Department of Respiratory and Critical Care Medicine, Tongji Hospital, Tongji Medical College, Huazhong University of Science and Technology, Wuhan 430030, China

Introduction: Glutathione peroxidases (GPxs) constitutes an enzyme family which has the ability to reduce free hydrogen peroxide to water and lipid hydroperoxides to their corresponding alcohols, and its main biological roles are to protect organisms from oxidative stress-induced damage. GPxs include eight members in different tissues of the body, and they play essential roles in carcinogenesis. However, the prognostic value of individual GPx in non-small cell lung cancer (NSCLC) remains elusive.
Materials and methods: In the current study, we investigated the prognostic value of GPxs in NSCLC patients through the “Kaplan–Meier plotter” database, wherein updated gene expression data and survival information from a total of 1,926 NSCLC patients are included.
Results: High expression of GPx1 mRNA was correlated with worse overall survival (OS) in adenocarcinoma patients. High expression of GPx2 mRNA was correlated with worse OS for all NSCLC patients. In contrast, high expression of GPx3 mRNA was associated with better OS for all NSCLC patients. High expression of GPx4 mRNA was significantly correlated with worsening adenocarcinoma in these patients.
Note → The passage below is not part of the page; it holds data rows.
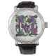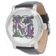 Elegant purplemonogram M in the style of a mediaeval or renaissance period illuminated manuscript.
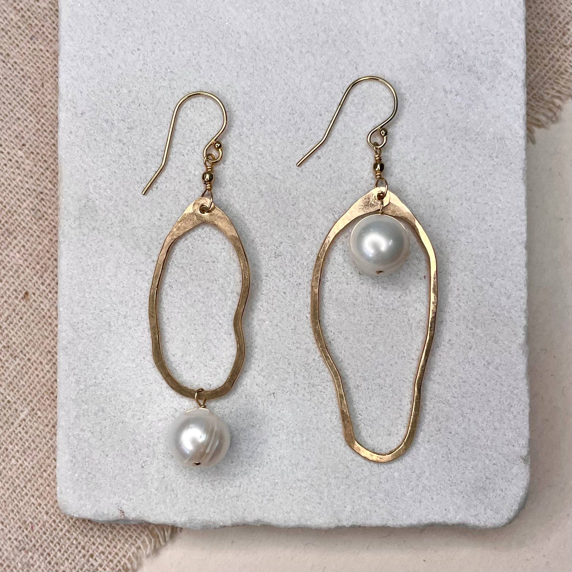 Two natural and asymmetrical hand hammered shapes, adorned with natural freshwater pearls. - Approx. 2.5" - Waterproof and sweat-proof. - Hypoallergenic, lead and nickel free. - Handmade in Portland, Oregon.
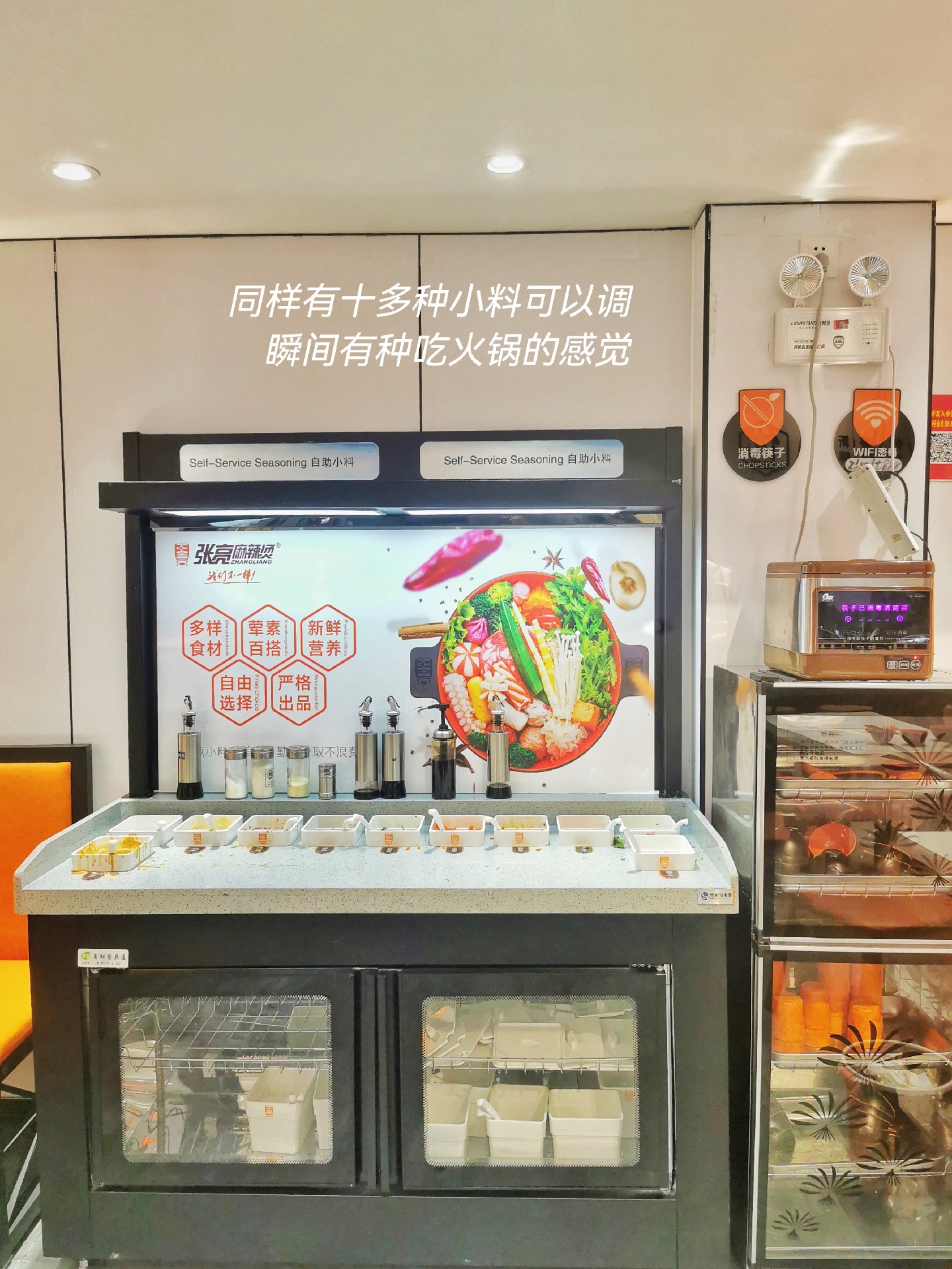 对了,调料也是DIY的,麻汁酱、蒜泥、葱段、辣椒酱等,同样有十多种调料,和吃火锅一样,想吃啥调啥呗。
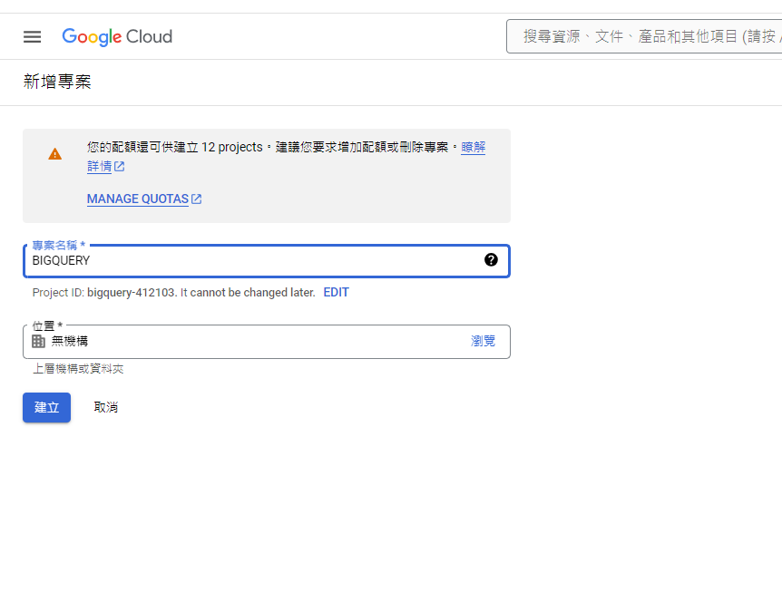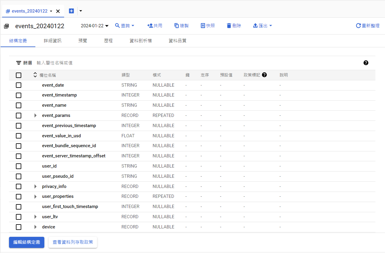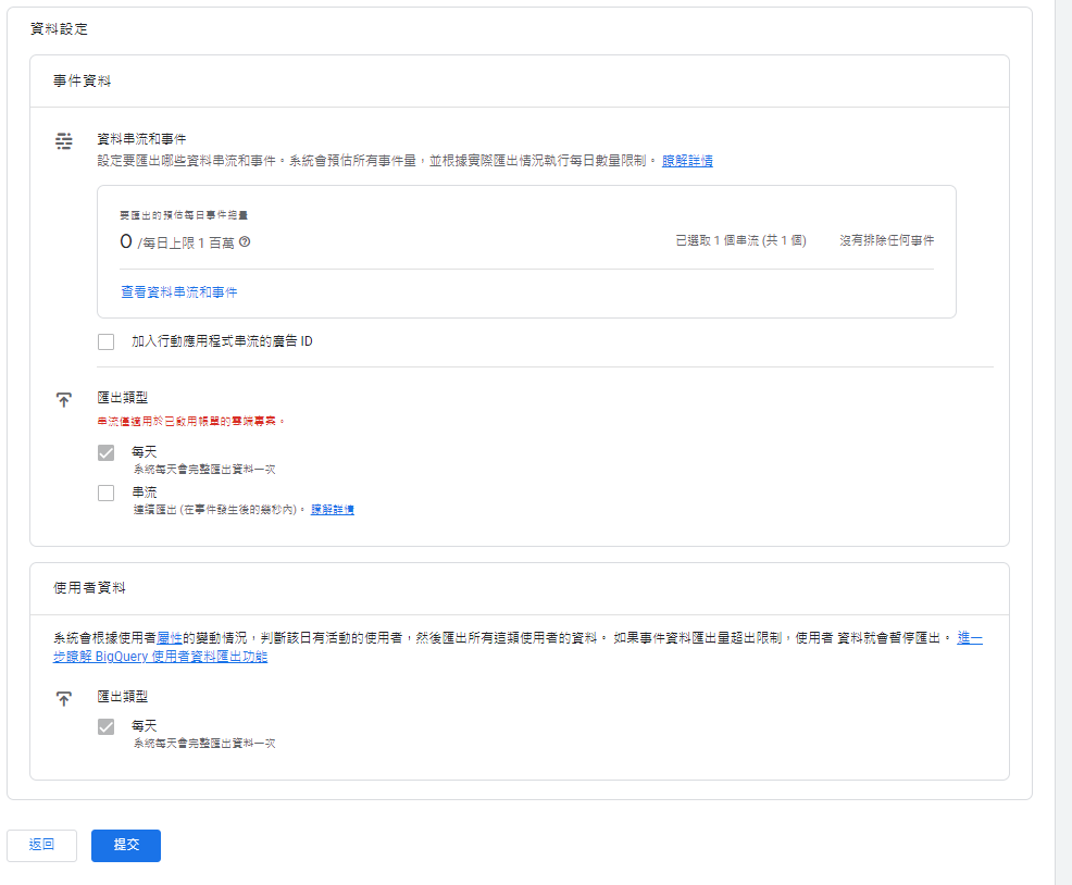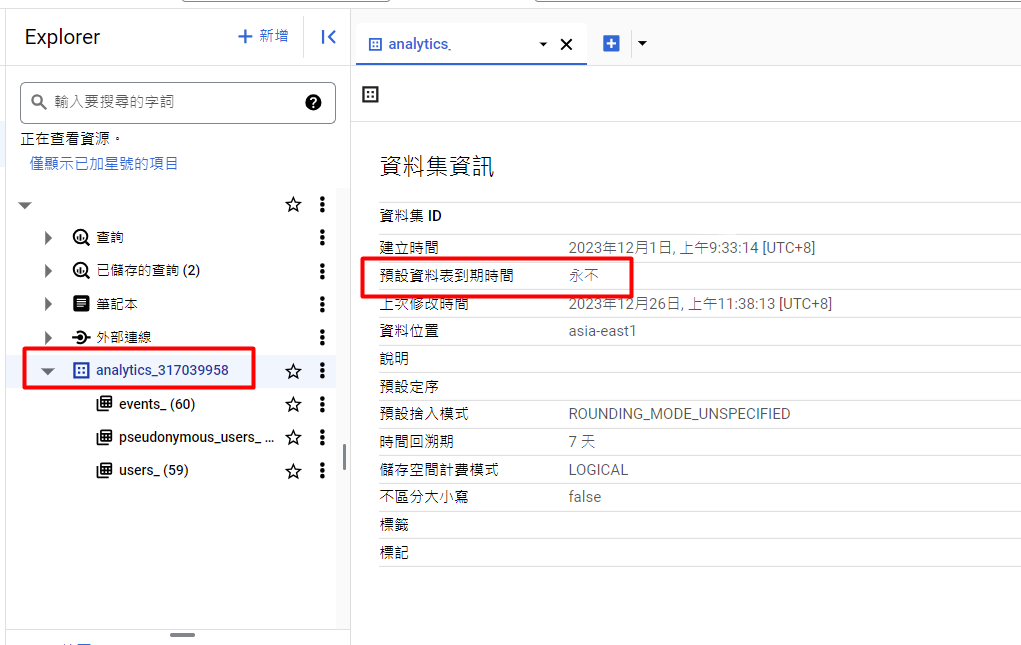 如果設定完BigQuery的資料,需要注意「預設資料表到期時間」是不是為永久,如果不是需要點一下旁邊的「編輯詳細資料」。務必專案要綁定付款資料,且啟用完整帳戶,才能設定為永久。

GPx5 mRNA high expression correlated with worsening OS for all NSCLC patients.
Discussion: The current findings of prognostic values of individual mRNA expression of GPxs in NSCLC patients indicate some GPxs may have prognostic value in NSCLC patients, and this needs further study.

Keywords: NSCLC, glutathione peroxidases (GPxs), cancer stem cell, prognosis, KM plotter, hazard ratio

Introduction

Lung cancer remains the leading cause of cancer-related mortality worldwide in both men and women.^1,2 Non–small cell lung cancer (NSCLC) includes adenocarcinoma (ADE) and squamous cell carcinoma (SCC), and accounts for 75–80% of cases of lung cancer. A multidisciplinary approach combining the application of chemotherapy with alternative treatment modalities as well as targeted therapy have aided improvement in survival outcomes. However, success with the above treatment modalities has continually been constrained by various limitations.^3,4 Therefore, further investigation on the mechanism of progression, as well as identification of prognostic markers, will help select patients with a higher chance of lung cancer recurrence and provide better prognosis and individualized treatment.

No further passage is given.